The Formative Years – Cathedral
When it comes to marrying the gloomy and sombre spirit of bands like Pentagram and with Black Sabbath worship and protracted, heavy doom metal, Cathedral’s debut album “Forest of Equilibrium” is a classic that raised the bar in 1991.
Starting with the fantastically twisted Hieronymus Bosch-esque cover artwork and a cheery intro, the sub-par production of the album only adds depth to the spacey, lost atmosphere, which is counterpointed by overpowering avalanches of crushing guitars, pierced by grandiosely plodding drums that are buried and obscured by reverb and Lee Dorian’s overdubbed bizarrely moaned, miserable vocal delivery.

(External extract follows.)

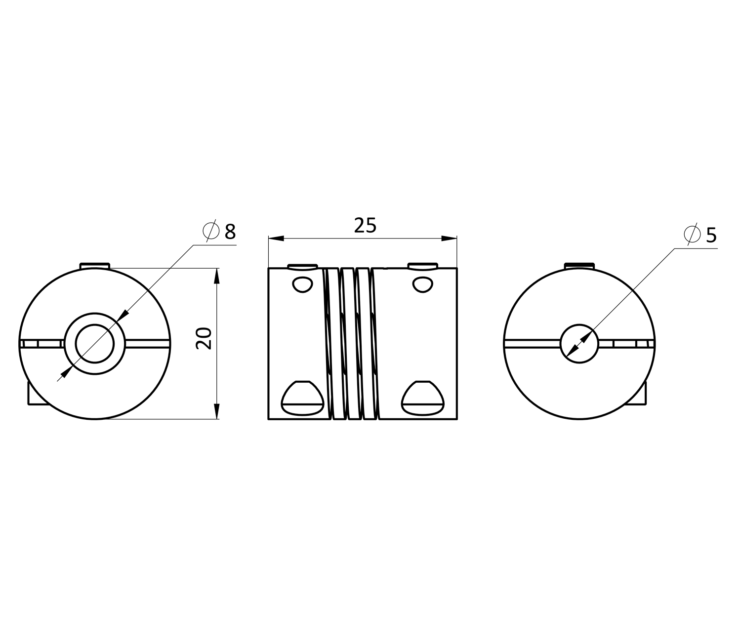 Гибкая муфта D5/D8 используется для для передачи крутящего момента от шагового двигателя к трапецеидальному винт

While the Forest of Equilibrium’s depressive blur of comforting distortion is a tour de force in terms of heaviness, the melodic, grooving yet inherently darkly hypnotic, serpentine guitarwork along with the occasional odd instrumentation and all the imperfections of this album set it apart from the rest of the epigones by adding an eerily suffocating and magical touch.

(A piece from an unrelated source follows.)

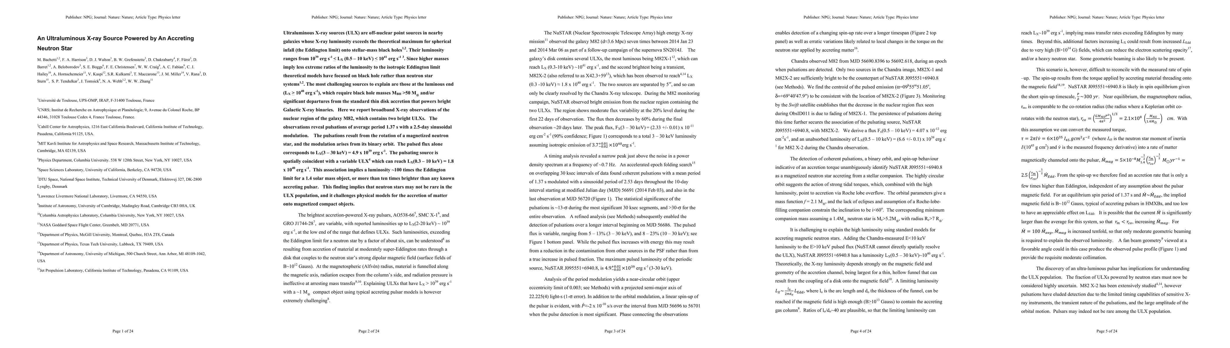 This paper presents X-ray observations of an ultraluminous X-ray source in M82, revealing pulsations indicative of a rotating magnetized neutron star, challenging existing models that favor black holes for such high luminosities. The findings suggest neutron stars can be significant contributors to the ULX population.

The legacy of heaviness known as “Forest of Equilibrium” took what was known as doom metal, slowed it further down to a foreboding, sorrow conjuring, catatonic, tortured crawl resulting in a sonically compressed power akin to thick molten all-consuming hot lead threatening to immerse us all.
Forest of Equilibrium took doom to its extreme and has stood the test of time as a monolith of dread.